**GIVEN DATA**
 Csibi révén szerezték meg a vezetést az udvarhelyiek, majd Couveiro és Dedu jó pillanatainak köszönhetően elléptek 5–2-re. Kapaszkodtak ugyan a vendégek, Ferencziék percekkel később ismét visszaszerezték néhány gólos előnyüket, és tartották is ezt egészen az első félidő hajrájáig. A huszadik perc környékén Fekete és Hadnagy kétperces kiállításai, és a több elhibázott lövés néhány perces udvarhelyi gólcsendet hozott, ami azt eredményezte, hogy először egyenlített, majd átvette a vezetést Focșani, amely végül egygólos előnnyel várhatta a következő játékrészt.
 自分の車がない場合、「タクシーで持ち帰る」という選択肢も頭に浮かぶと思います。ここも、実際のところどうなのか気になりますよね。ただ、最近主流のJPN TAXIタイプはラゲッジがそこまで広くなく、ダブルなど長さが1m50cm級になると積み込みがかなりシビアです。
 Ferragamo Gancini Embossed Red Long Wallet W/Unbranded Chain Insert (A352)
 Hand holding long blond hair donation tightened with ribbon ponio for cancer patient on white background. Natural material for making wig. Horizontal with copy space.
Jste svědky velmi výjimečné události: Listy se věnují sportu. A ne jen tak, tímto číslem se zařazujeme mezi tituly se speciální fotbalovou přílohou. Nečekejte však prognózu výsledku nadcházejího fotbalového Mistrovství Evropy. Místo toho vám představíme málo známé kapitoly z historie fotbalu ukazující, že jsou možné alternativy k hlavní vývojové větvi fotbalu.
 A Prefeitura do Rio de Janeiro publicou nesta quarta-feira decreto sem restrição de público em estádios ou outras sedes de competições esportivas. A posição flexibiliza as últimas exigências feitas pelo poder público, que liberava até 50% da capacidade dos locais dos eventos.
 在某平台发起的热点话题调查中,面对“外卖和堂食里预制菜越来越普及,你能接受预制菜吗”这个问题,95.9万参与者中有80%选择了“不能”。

---

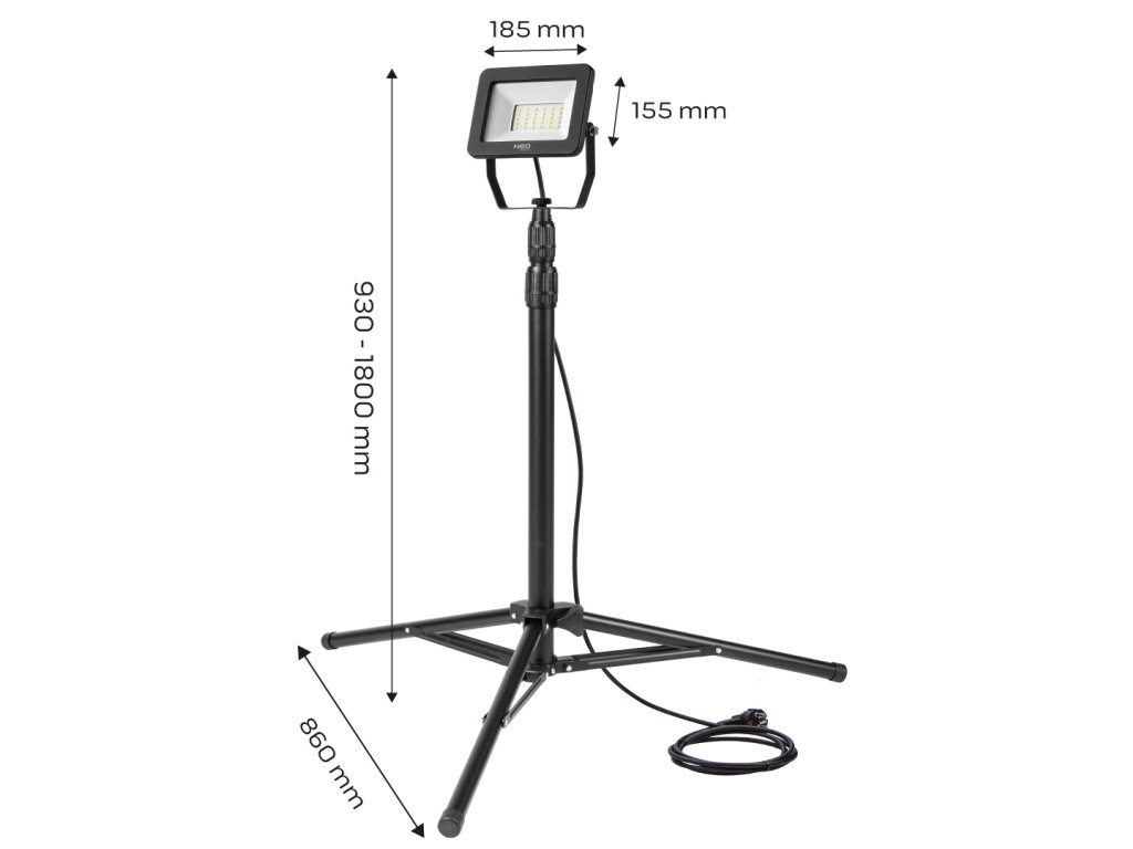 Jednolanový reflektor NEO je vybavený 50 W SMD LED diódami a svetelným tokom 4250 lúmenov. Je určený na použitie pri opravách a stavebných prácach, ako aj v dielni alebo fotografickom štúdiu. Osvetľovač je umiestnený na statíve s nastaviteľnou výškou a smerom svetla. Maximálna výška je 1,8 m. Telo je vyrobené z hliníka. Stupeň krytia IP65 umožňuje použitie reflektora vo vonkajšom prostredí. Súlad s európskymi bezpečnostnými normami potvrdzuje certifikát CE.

**WHAT TO DO**
Reproduce only the lines above, starting at the line with "A Prefeitura do" and ending at the line with "在某平台发起的热点话题调查中", exactly as written.

**SOLUTION**
 A Prefeitura do Rio de Janeiro publicou nesta quarta-feira decreto sem restrição de público em estádios ou outras sedes de competições esportivas. A posição flexibiliza as últimas exigências feitas pelo poder público, que liberava até 50% da capacidade dos locais dos eventos.
 在某平台发起的热点话题调查中,面对“外卖和堂食里预制菜越来越普及,你能接受预制菜吗”这个问题,95.9万参与者中有80%选择了“不能”。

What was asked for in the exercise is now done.